Re: Igfs PURGE events: do we need them?

Posted by "Ivan V." <iv...@gridgain.com>.
Hi, Konstantin,
"TRASH" (the name comes from
org.apache.ignite.internal.processors.igfs.IgfsFileInfo#TRASH_ID Java
constant) notion is only applicable to primary (IGFS) file system. This is
a special "folder" that does not have file system path.

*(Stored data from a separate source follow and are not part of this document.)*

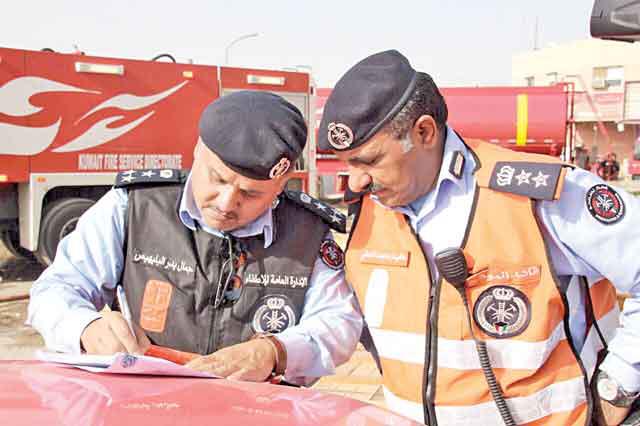 أصيب رجلا إطفاء ووافد عربي بحالات اختناق وإجهاد حراري من جراء حادث حريق اندلع ظهر أمس في قسيمتين صناعيتين بمنطقة الري، كما أسفر الحادث عن خسائر مادية جسيمة لحقت بالقسيمتين اللتين تحتويان على أصباغ وحديد ومواد أخرى سريعة الاشتعال. وفي التفاصيل، التي رواها مدير إدارة العلاقات العامة والاعلام في الادارة العامة للاطفاء العقيد خليل الامير، أن غرفة عمليات الادارة تلقت بلاغا ظهر أمس يفيد باندلاع حريق في قسيمة صناعية بمنطقة الري.وأشار خليل الامير الى انه فور تلقي البلاغ تم تحريك مراكز اطفاء الشويخ الصناعي والعارضية الصناعي والشهداء والعمليات الى موقع البلاغ، بقيادة نائب المدير العام لشؤون المكافحة العقيد جمال البليهيس، ومدير إطفاء محافظة العاصمة بالوكالة العقيد محمد الشطي.واضاف ان رجال الاطفاء فور وصولهم تبين لهم ان الحريق امتد الى قسيمة مجاورة للقسيمة التي اندلع بها، لافتا الى ان رجال الاطفاء وعلى الفور وضعوا خطة للمكافحة، ومنع امتداد رقعة الحريق، خصوصا ان القسيمتين تحتويان على اصباغ وحديد ومواد اخرى سريعة الاشتعال.وتابع ان رجال الاطفاء نجحوا في السيطرة على الحريق في زمن قياسي، وحالوا دون امتداد النيران الى مواقع اخرى، مضيفا ان رجال الاطفاء استدعوا ضباط وحدة تحقيق الحوادث لبيان اسباب اندلاع النيران في الموقع.والمح الى ان الحادث اسفر عن إصابة رجلي اطفاء ووافد عربي بحالات اختناق ومجهود حراري، وتم علاجهم في موقع الحادث من قبل فنيي الطوارئ الطبية الذين تواجدوا في موقع الحادث، اضافة الى تواجد رجال الامن.
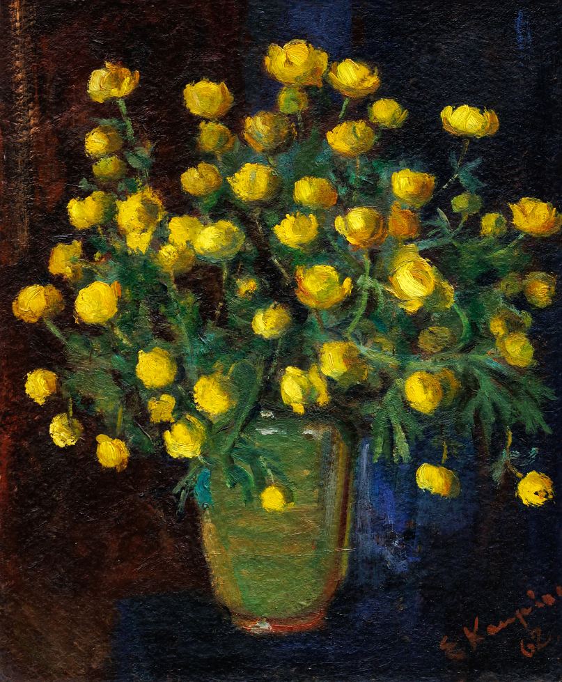 Elsa Kauping (1905–1972) 16 Kullerkupud 1962 Elsa Kauping oli pallaslane, kelle elukäik on jäänud suures osas teadmata. Kõige rohkem on ta tuntud vast Johannes Võerahansu modellina, olles tutvunud Pallases õpingukaaslastena. Hiljem said kahest kunstnikust elukaaslased, kuid elu viis nende teed siiski lahku. Elsa Kaupingi kohta on kahjuks säilinud väga vähesel määral informatsiooni. Kauping õppis Pallases alates 1928. aasta kevadest kuni 1936. aastani Triigi maaliateljees. Kaupingu enda maalipraktika paistab silma kammerlike motiivide ja traditsioonilise kompositsioonitunnetusega, peegeldades oma loomingus pallaslikku joonistuslikku distsipliini ja tasakaalustatud koloriiti.
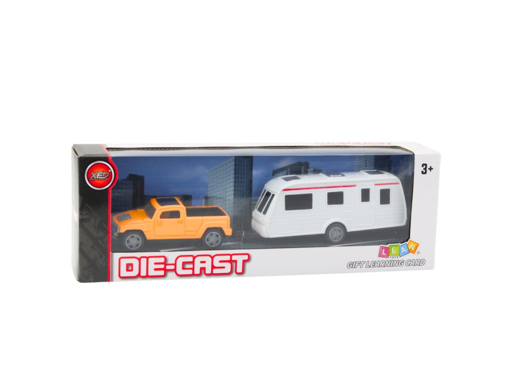 Vozidla byla vyrobena technologií tlakového lití, což znamená, že karoserie je vyrobena z kovu a vybrané prvky z odolného plastu. Tento výběr materiálů zaručuje odolnost a estetiku hračky. Karavan lze snadno odpojit od auta, což dává dítěti možnost vytvářet si mnoho různých herních scénářů – od prázdninových výletů po kempování a rodinné výlety.
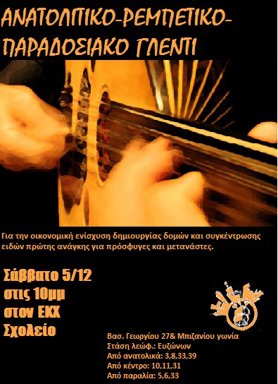 Το Σάββατο στις 10 μμ θα πραγματοποιηθεί Ανατολίτικο-Ρεμπέτικο-Παραδοσιακό Γλέντι για την οικονομική ενίσχυση δημιουργίας δομών συγκέντρωσης ειδών πρώτης ανάγκης για πρόσφυγες και μετανάστες.
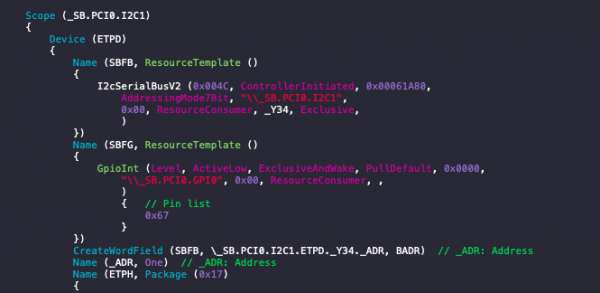 Caro @Gengik84[/mention] ho provato ad effettuare il GPIO pinning sul DSDT di @Emanuele-1998[/mention] senza alcun successo. Ho seguito questa guida: https://voodooi2c.github.io/#GPIO%20Pinning/GPIO%20Pinning">https://voodooi2c.github.io/#GPIO%20Pin ... %20Pinning">https://voodooi2c.github.io/#GPIO%20Pinning/GPIO%20Pinning Ti posso dire per certo che il dispositivo ha come "Nome dispositivo BIOS" \_SB.PCI0.I2C1.ETPD . Ho cercato sul suo IOReg ETPD e ho trovato che sta sotto il seguente path: IOService:/AppleACPIPlatformExpert/PCI0@0/AppleACPIPCI/I2C1@15,1/VoodooI2CPCIController/VoodooI2CControllerNub/VoodooI2CControllerDriver/ETPD Lo IOReg è stato effettuato con VoodooI2C e VoodooI2CELAN installati sotto EFI/CLOVER/kexts/Other Aperto il suo DSDT ho cercato ETPD e l'ho trovato alla riga 61917 A questo punto, sempre dallo IOReg ho cercato IOInterruptSpecifiers e l'ho trovato sotto il path "IOService:/AppleACPIPlatformExpert/PCI0@0/AppleACPIPCI/I2C1@15,1" ed ha come "data" . Quindi ho assunto 0x11 come pin APIC e risulta minore di 0x2F (33 Arrivato a questo punto ho rimosso SBFI (dato che conteneva un Interrupt) e ho dedotto che il dispositivo, secondo la guida linkata, è well-root pinned (dato che il metodo _CRS contiene "Return (ConcatenateResTemplate (SBFB, SBFG))" ). Cosa potrebbe essere? Ciao e grazie
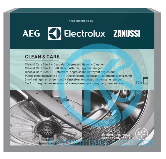 Καθαριστικό πλυντηρίου ρούχων πιάτων Clean & Care 12 τεμάχια 3 in 1
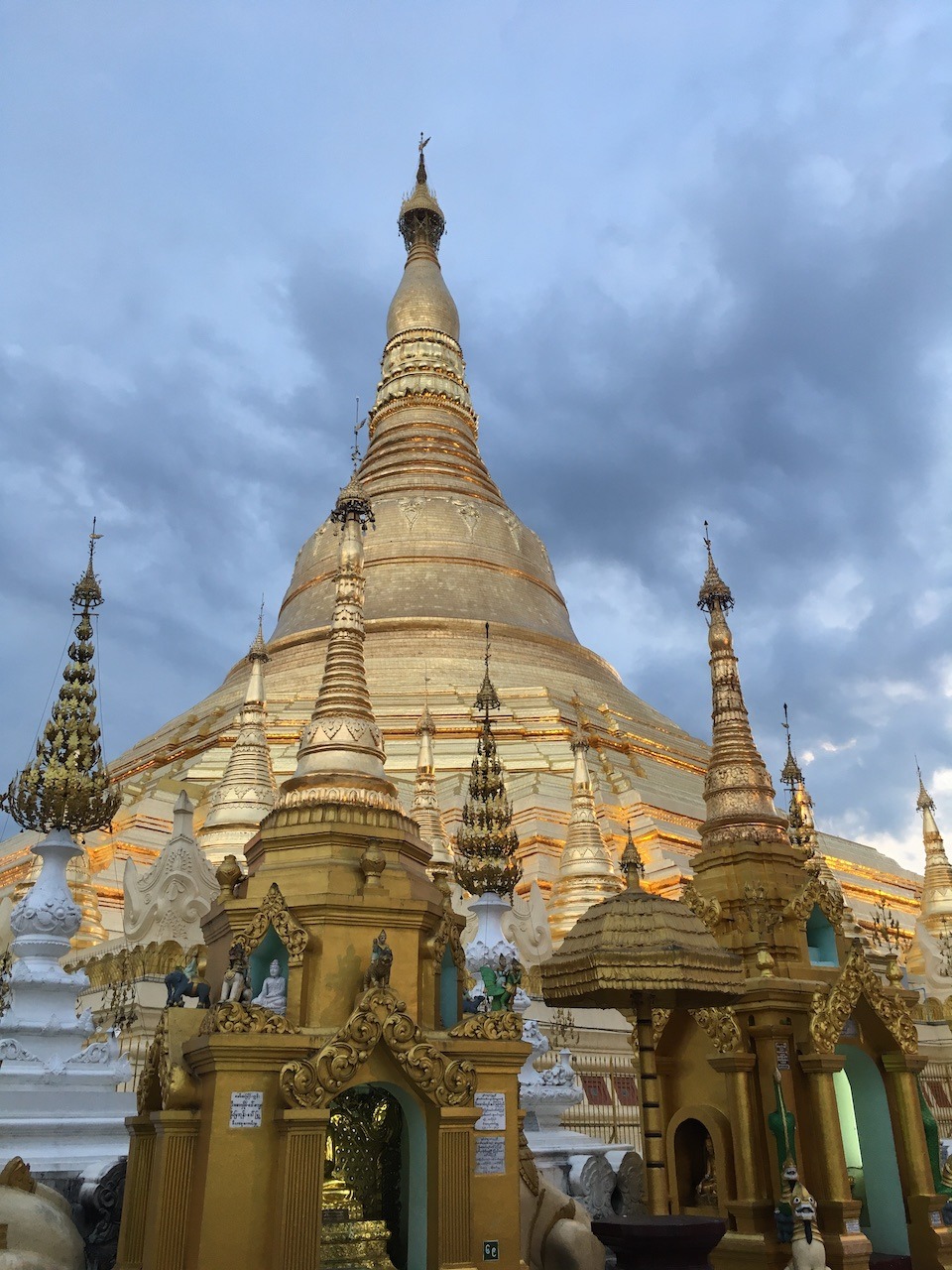 Despite my jaded comments about temple burn-out, Shwedagon Pagoda is indeed magnificent. It was made more so by the dark afternoon thunderclouds that threatened, but did not strike. The golden spire seemed to pierce through the heavy, sultry clouds, shining ever the brighter. We lingered long, circling the pagoda barefoot to make merit for the day.
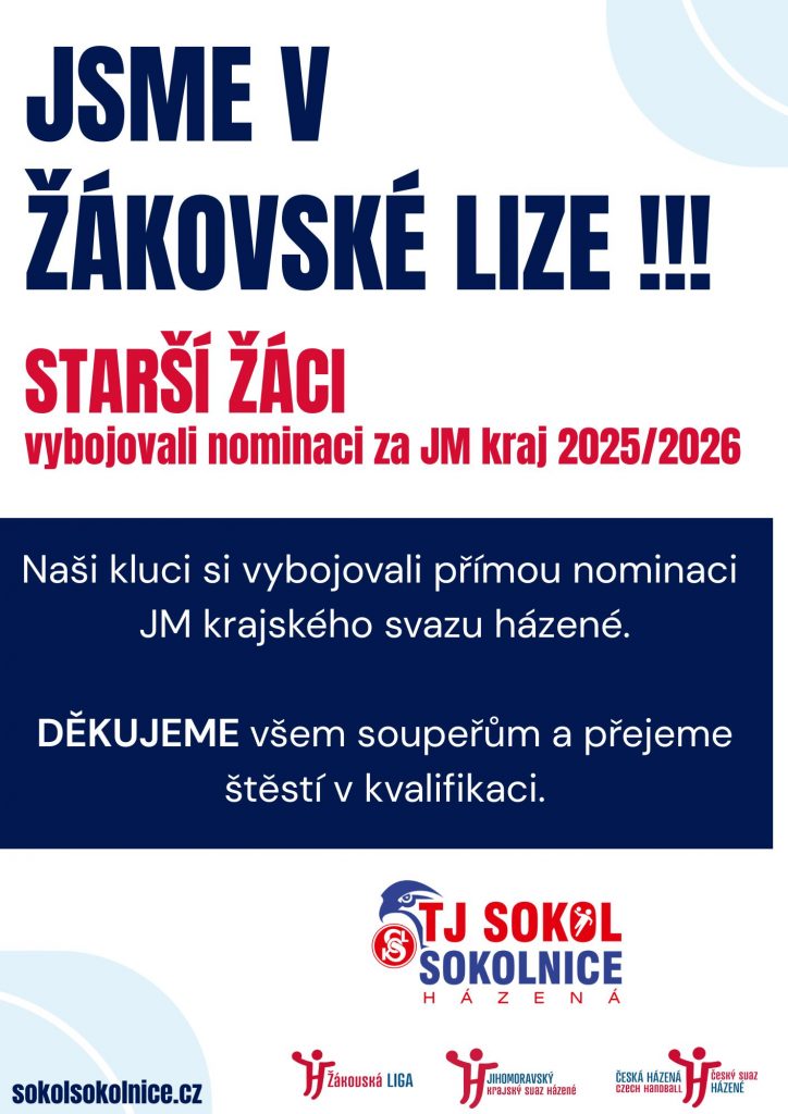Jsme obrovsky hrdí, že se nám i letos podařilo vybojovat nominaci Jihomoravský krajský svaz házené do Žákovské ligy starších žáků – prestižní soutěže, do které se z celého kraje nominuje napřímo jen jeden tým.
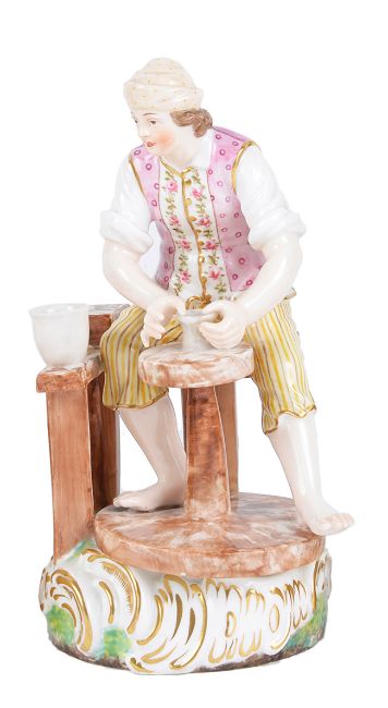 realistically modelled, the painted figure of a potter at his wheel, raised upon a acanthus scroll base, puce factory marks to base
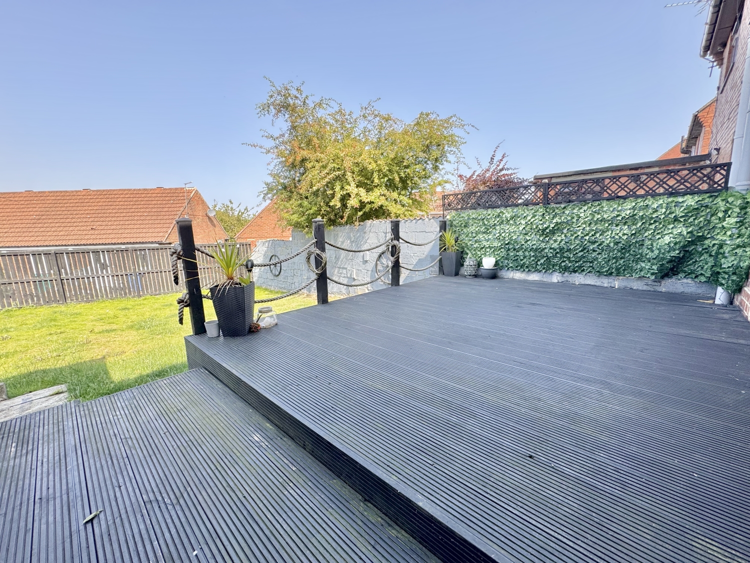Outside, the front of the property is brick-paved and open, providing a smart and welcoming approach. To the rear is a fully enclosed garden laid to lawn, complemented by a raised decked area perfect for outdoor dining and relaxation.
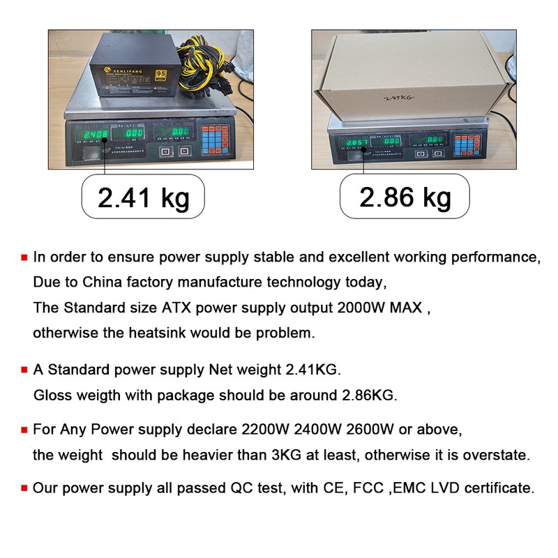 Para qualquer fonte de alimentação declarar 2200w 2400w 2600w ou acima, o peso deve ser mais pesado do que3KGPelo menos, caso contrário é excesso de estado.

When IGFS is
running over a secondary Fs, TRASH also exists in the primary IGFS, but
does not exist in the secondary Fs.
In secondary Fs deletion is performed just through the ordinary Fs API. So,
we *do not* employ any assumption regarding the TRASH existence and
behavior in the secondary Fs.

As Dmitriy mentioned above, TRASH in primary Fs is needed for performance
reasons: with it we delete file with only 1 transaction in Meta cache: we
do not do any transactions in Data cache.
(Similar technique is frequently applied frequently in real Fs deletion,
like mv foo /tmp/ && rm -r /tmp/foo/ .)

Currently we have fix of https://issues.apache.org/jira/browse/IGNITE-1679
that makes PURGE events enabled for all files.
I still not quite realize how this functionality will be used by customers,
but now it is repaired: once merged, you will be able to use it.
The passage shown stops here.